The expected answer is the full listing, repeated exactly and free of images.

____ The data

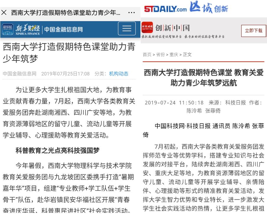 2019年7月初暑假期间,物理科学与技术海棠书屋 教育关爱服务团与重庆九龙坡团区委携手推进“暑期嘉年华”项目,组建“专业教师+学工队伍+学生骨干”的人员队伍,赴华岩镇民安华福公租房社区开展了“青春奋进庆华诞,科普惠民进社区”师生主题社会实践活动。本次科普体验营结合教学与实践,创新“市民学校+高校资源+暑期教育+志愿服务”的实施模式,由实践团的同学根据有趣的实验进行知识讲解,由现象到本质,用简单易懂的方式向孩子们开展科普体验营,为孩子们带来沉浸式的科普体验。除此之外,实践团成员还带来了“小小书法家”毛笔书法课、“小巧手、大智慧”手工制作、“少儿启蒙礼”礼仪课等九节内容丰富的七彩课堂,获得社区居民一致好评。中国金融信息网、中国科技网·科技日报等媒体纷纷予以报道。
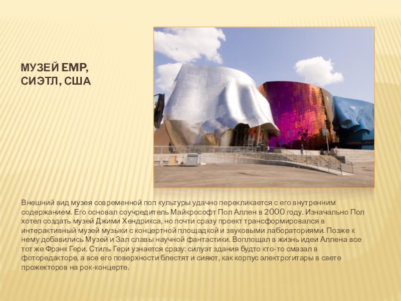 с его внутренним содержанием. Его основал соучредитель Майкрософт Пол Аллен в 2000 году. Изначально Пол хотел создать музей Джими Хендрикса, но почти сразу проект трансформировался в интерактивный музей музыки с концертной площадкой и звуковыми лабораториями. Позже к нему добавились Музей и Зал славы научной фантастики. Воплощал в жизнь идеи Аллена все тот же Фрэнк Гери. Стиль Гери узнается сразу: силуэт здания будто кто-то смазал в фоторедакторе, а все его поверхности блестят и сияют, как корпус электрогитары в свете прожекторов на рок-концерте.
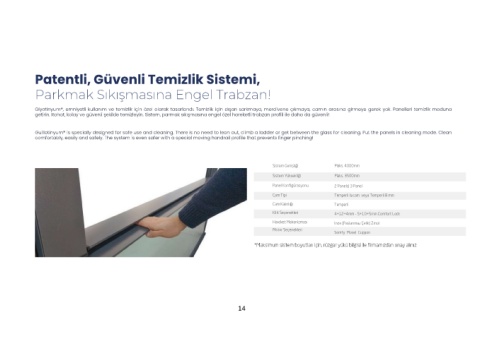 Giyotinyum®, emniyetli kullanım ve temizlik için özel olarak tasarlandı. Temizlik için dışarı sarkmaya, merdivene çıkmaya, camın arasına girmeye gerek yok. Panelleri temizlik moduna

________

■ Solution below
 2019年7月初暑假期间,物理科学与技术海棠书屋 教育关爱服务团与重庆九龙坡团区委携手推进“暑期嘉年华”项目,组建“专业教师+学工队伍+学生骨干”的人员队伍,赴华岩镇民安华福公租房社区开展了“青春奋进庆华诞,科普惠民进社区”师生主题社会实践活动。本次科普体验营结合教学与实践,创新“市民学校+高校资源+暑期教育+志愿服务”的实施模式,由实践团的同学根据有趣的实验进行知识讲解,由现象到本质,用简单易懂的方式向孩子们开展科普体验营,为孩子们带来沉浸式的科普体验。除此之外,实践团成员还带来了“小小书法家”毛笔书法课、“小巧手、大智慧”手工制作、“少儿启蒙礼”礼仪课等九节内容丰富的七彩课堂,获得社区居民一致好评。中国金融信息网、中国科技网·科技日报等媒体纷纷予以报道。
 с его внутренним содержанием. Его основал соучредитель Майкрософт Пол Аллен в 2000 году. Изначально Пол хотел создать музей Джими Хендрикса, но почти сразу проект трансформировался в интерактивный музей музыки с концертной площадкой и звуковыми лабораториями. Позже к нему добавились Музей и Зал славы научной фантастики. Воплощал в жизнь идеи Аллена все тот же Фрэнк Гери. Стиль Гери узнается сразу: силуэт здания будто кто-то смазал в фоторедакторе, а все его поверхности блестят и сияют, как корпус электрогитары в свете прожекторов на рок-концерте.
 Giyotinyum®, emniyetli kullanım ve temizlik için özel olarak tasarlandı. Temizlik için dışarı sarkmaya, merdivene çıkmaya, camın arasına girmeye gerek yok. Panelleri temizlik moduna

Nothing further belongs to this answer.